• Problem
Copy all the data exactly, except the pictures.

──────── Provided data ────────

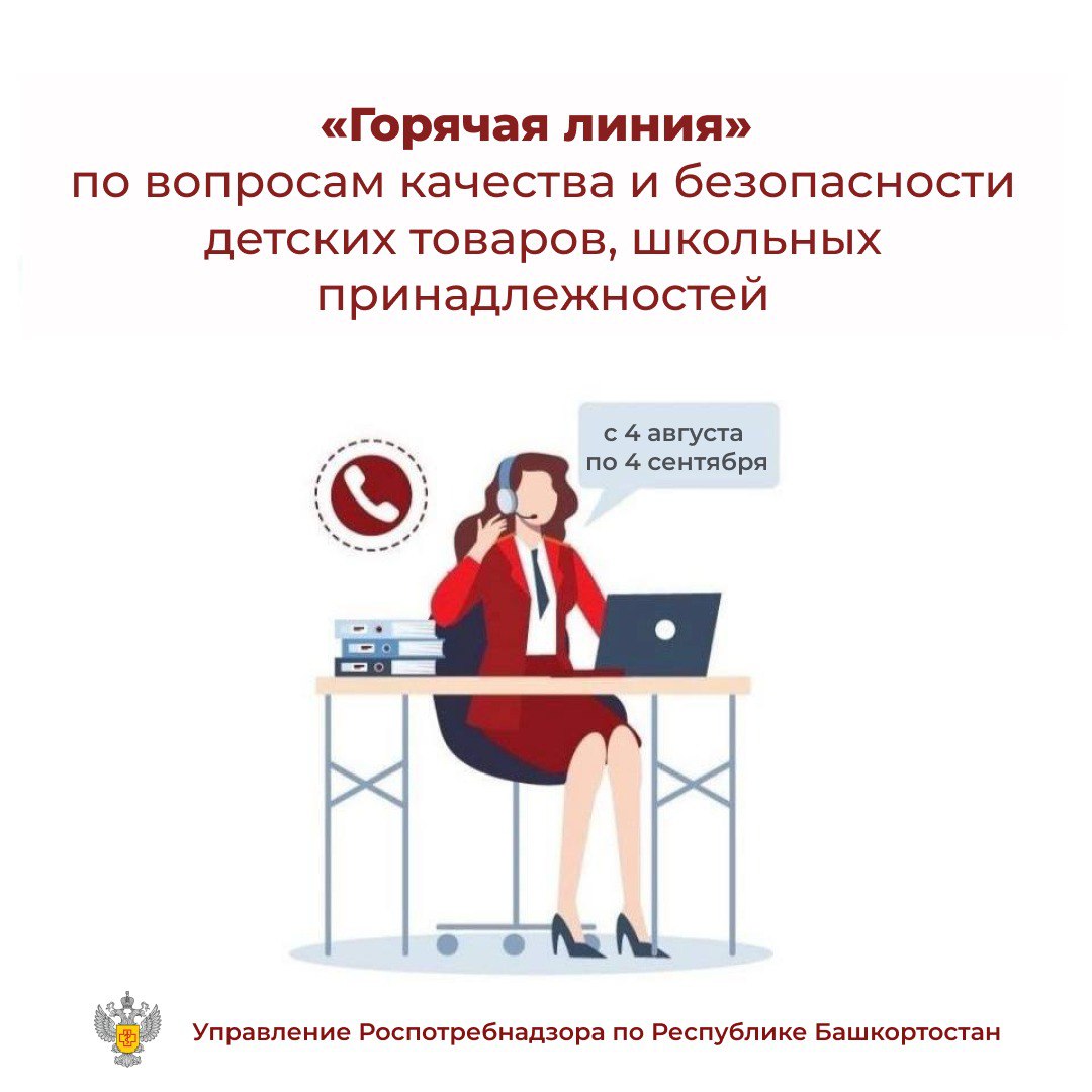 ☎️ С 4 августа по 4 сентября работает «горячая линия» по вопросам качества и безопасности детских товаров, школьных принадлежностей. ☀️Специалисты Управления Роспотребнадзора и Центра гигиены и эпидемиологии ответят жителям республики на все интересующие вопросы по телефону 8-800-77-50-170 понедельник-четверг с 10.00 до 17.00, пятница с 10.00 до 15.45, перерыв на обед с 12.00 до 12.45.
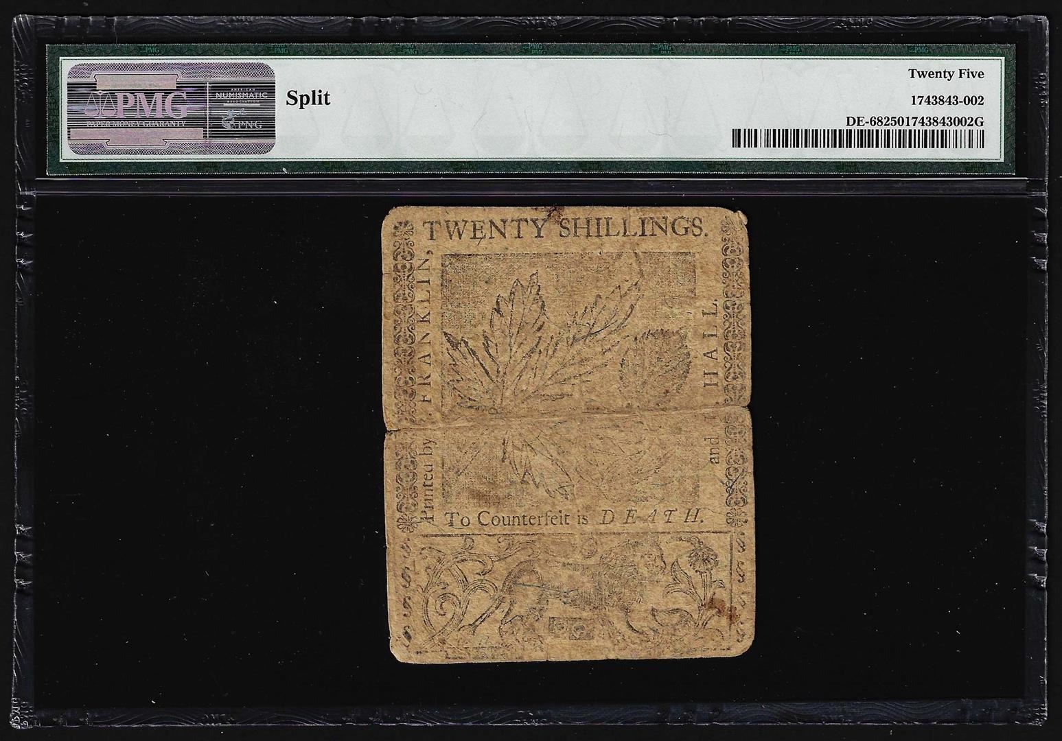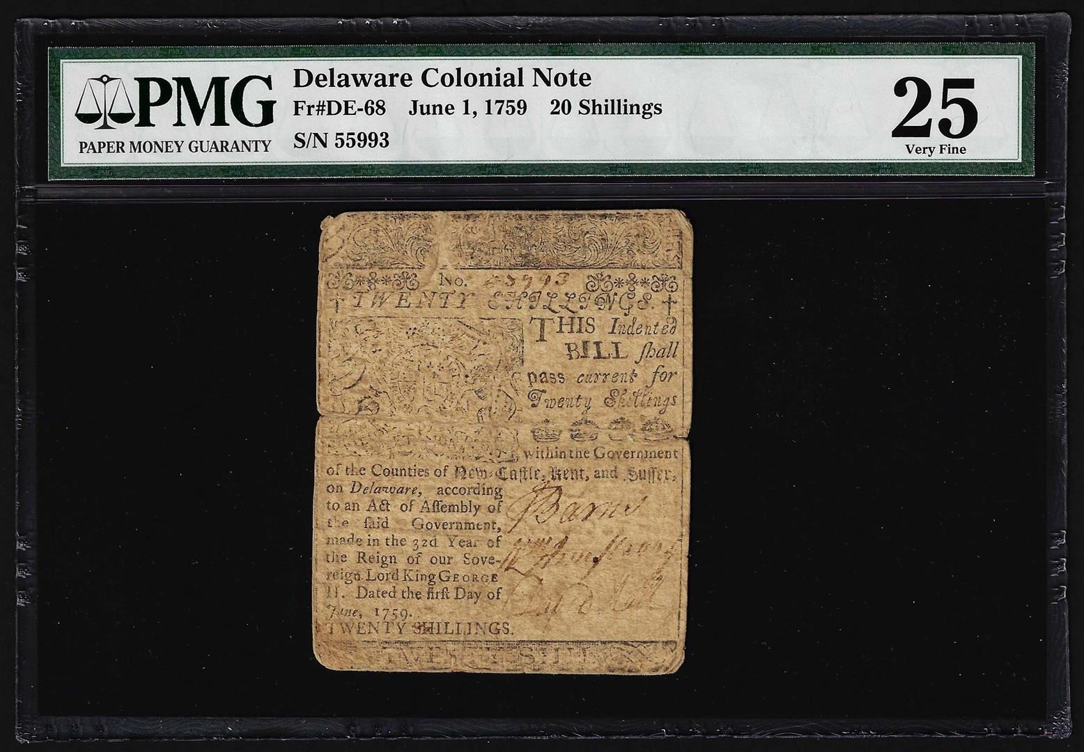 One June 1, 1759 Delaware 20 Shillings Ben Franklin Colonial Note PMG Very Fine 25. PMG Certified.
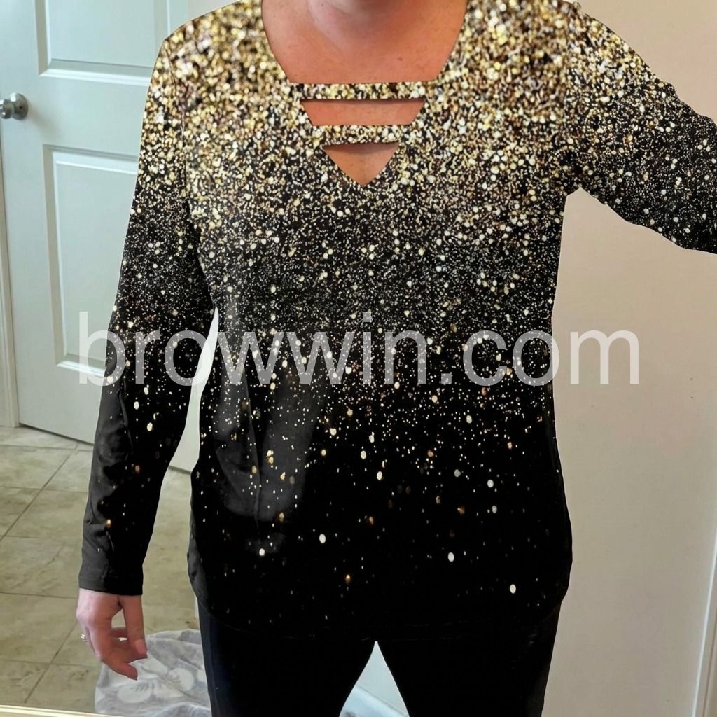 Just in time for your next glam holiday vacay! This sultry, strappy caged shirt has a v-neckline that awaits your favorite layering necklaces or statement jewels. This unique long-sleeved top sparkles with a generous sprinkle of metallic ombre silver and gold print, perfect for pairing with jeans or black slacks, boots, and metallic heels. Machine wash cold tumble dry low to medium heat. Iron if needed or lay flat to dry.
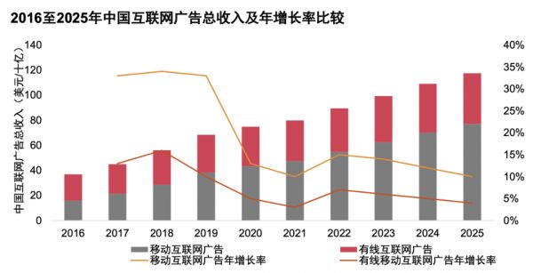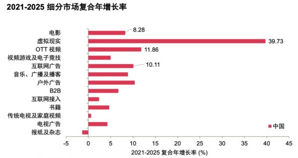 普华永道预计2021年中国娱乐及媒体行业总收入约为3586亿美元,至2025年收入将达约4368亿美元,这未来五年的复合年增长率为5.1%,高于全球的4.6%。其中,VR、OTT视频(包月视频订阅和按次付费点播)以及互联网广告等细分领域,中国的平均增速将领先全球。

────────

• Your solution
 ☎️ С 4 августа по 4 сентября работает «горячая линия» по вопросам качества и безопасности детских товаров, школьных принадлежностей. ☀️Специалисты Управления Роспотребнадзора и Центра гигиены и эпидемиологии ответят жителям республики на все интересующие вопросы по телефону 8-800-77-50-170 понедельник-четверг с 10.00 до 17.00, пятница с 10.00 до 15.45, перерыв на обед с 12.00 до 12.45.
 One June 1, 1759 Delaware 20 Shillings Ben Franklin Colonial Note PMG Very Fine 25. PMG Certified.
 Just in time for your next glam holiday vacay! This sultry, strappy caged shirt has a v-neckline that awaits your favorite layering necklaces or statement jewels. This unique long-sleeved top sparkles with a generous sprinkle of metallic ombre silver and gold print, perfect for pairing with jeans or black slacks, boots, and metallic heels. Machine wash cold tumble dry low to medium heat. Iron if needed or lay flat to dry.
 普华永道预计2021年中国娱乐及媒体行业总收入约为3586亿美元,至2025年收入将达约4368亿美元,这未来五年的复合年增长率为5.1%,高于全球的4.6%。其中,VR、OTT视频(包月视频订阅和按次付费点播)以及互联网广告等细分领域,中国的平均增速将领先全球。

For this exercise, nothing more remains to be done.